> WHAT THE TASK REQUIRES
Give back the lines below exactly, but do not include any pictures.

> DATA PROVIDED
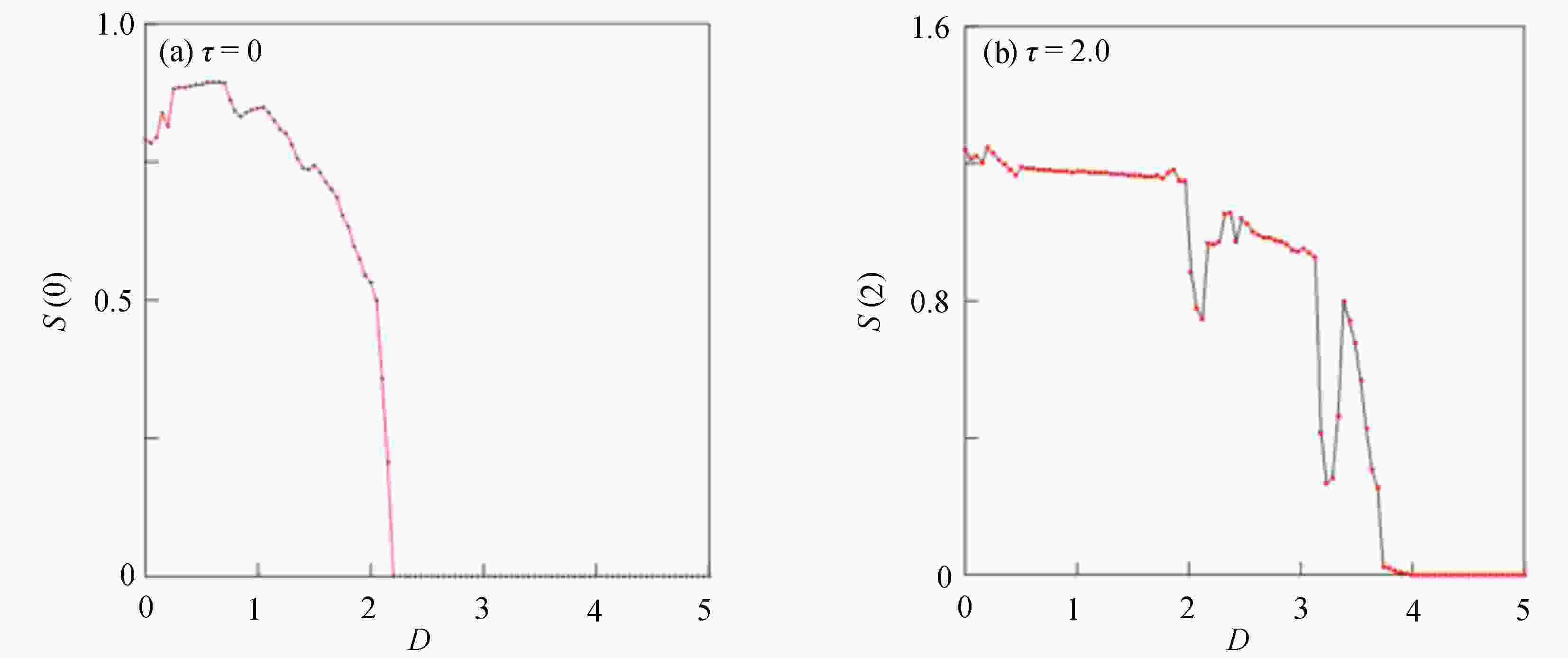 $D = 0.081$ ; (b) the phase diagram at time$D = 0.081$ ; (c) the time history diagram at time$D = 0.175$ ; (d) the phase diagram at time$D = 0.175$ 图 5 系统(2)在不同反馈增益下的时间历程图与相图:(a)
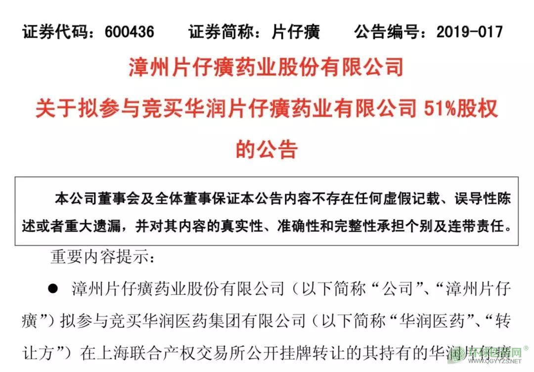 近日,漳州片仔癀藥業(yè)股份有限公司(以下簡稱“漳州片仔癀”)發(fā)布公告,擬參與競買華潤片仔癀藥業(yè)有限公司51%股權(quán)。
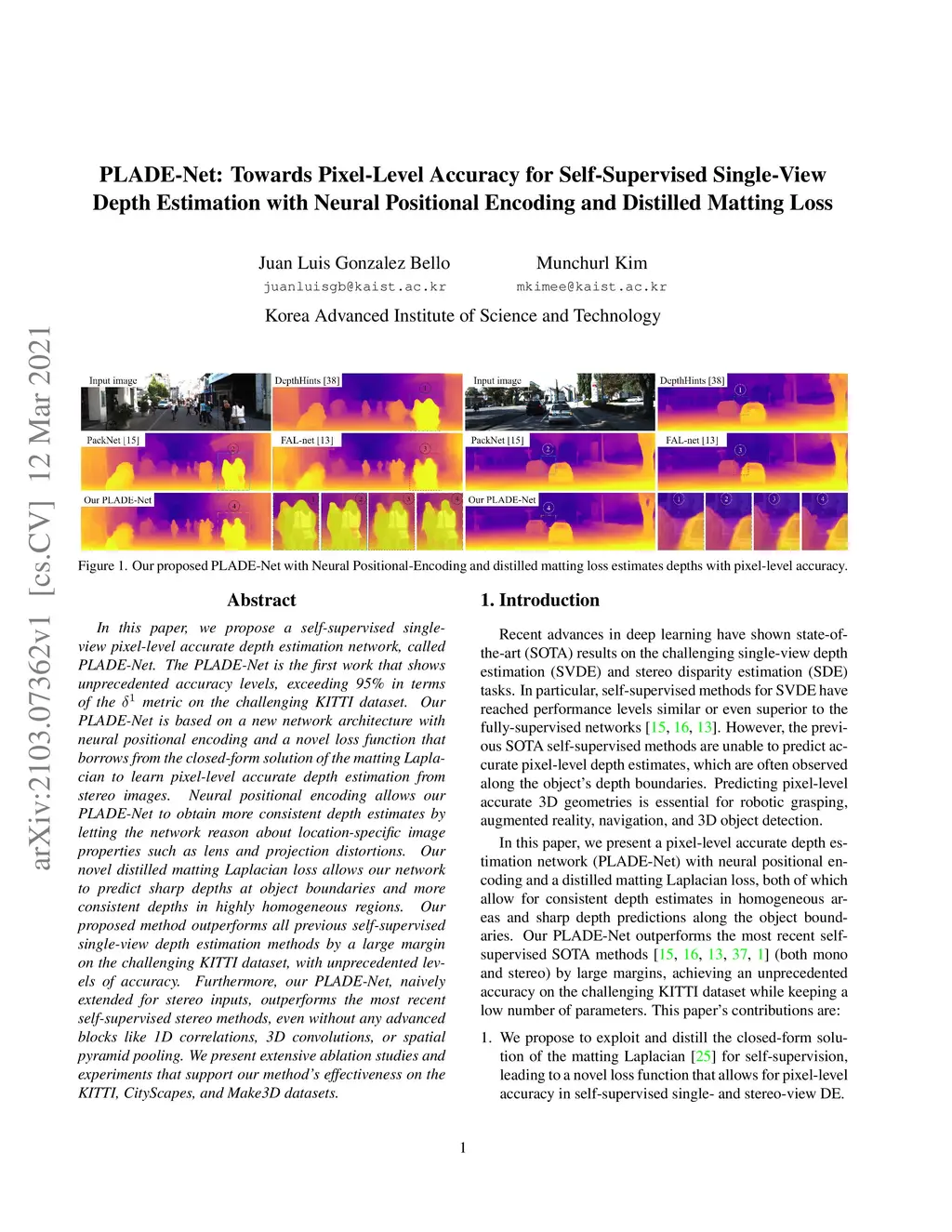 In this paper, we propose a self-supervised single-view pixel-level accurate depth estimation network, called PLADE-Net. The PLADE-Net is the first work that shows unprecedented accuracy levels, exceeding 95\% in terms of the metric on the challenging KITTI dataset. Our PLADE-Net is based on a new network architecture with neural positional encoding and a novel loss function that borrows from the closed-form solution of the matting Laplacian to learn pixel-level accurate depth estimation from stereo images. Neural positional encoding allows our PLADE-Net to obtain more consistent depth estimates by letting the network reason about location-specific image properties such as lens and projection distortions. Our novel distilled matting Laplacian loss allows our network to predict sharp depths at object boundaries and more consistent depths in highly homogeneous regions. Our proposed method outperforms all previous self-supervised single-view depth estimation methods by a large margin on the challenging KITTI dataset, with unprecedented levels of accuracy. Furthermore, our PLADE-Net, naively extended for stereo inputs, outperforms the most recent self-supervised stereo methods, even without any advanced blocks like 1D correlations, 3D convolutions, or spatial pyramid pooling. We present extensive ablation studies and experiments that support our method's effectiveness on the KITTI, CityScapes, and Make3D datasets.

> SOLUTION
 $D = 0.081$ ; (b) the phase diagram at time$D = 0.081$ ; (c) the time history diagram at time$D = 0.175$ ; (d) the phase diagram at time$D = 0.175$ 图 5 系统(2)在不同反馈增益下的时间历程图与相图:(a)
 近日,漳州片仔癀藥業(yè)股份有限公司(以下簡稱“漳州片仔癀”)發(fā)布公告,擬參與競買華潤片仔癀藥業(yè)有限公司51%股權(quán)。
 In this paper, we propose a self-supervised single-view pixel-level accurate depth estimation network, called PLADE-Net. The PLADE-Net is the first work that shows unprecedented accuracy levels, exceeding 95\% in terms of the metric on the challenging KITTI dataset. Our PLADE-Net is based on a new network architecture with neural positional encoding and a novel loss function that borrows from the closed-form solution of the matting Laplacian to learn pixel-level accurate depth estimation from stereo images. Neural positional encoding allows our PLADE-Net to obtain more consistent depth estimates by letting the network reason about location-specific image properties such as lens and projection distortions. Our novel distilled matting Laplacian loss allows our network to predict sharp depths at object boundaries and more consistent depths in highly homogeneous regions. Our proposed method outperforms all previous self-supervised single-view depth estimation methods by a large margin on the challenging KITTI dataset, with unprecedented levels of accuracy. Furthermore, our PLADE-Net, naively extended for stereo inputs, outperforms the most recent self-supervised stereo methods, even without any advanced blocks like 1D correlations, 3D convolutions, or spatial pyramid pooling. We present extensive ablation studies and experiments that support our method's effectiveness on the KITTI, CityScapes, and Make3D datasets.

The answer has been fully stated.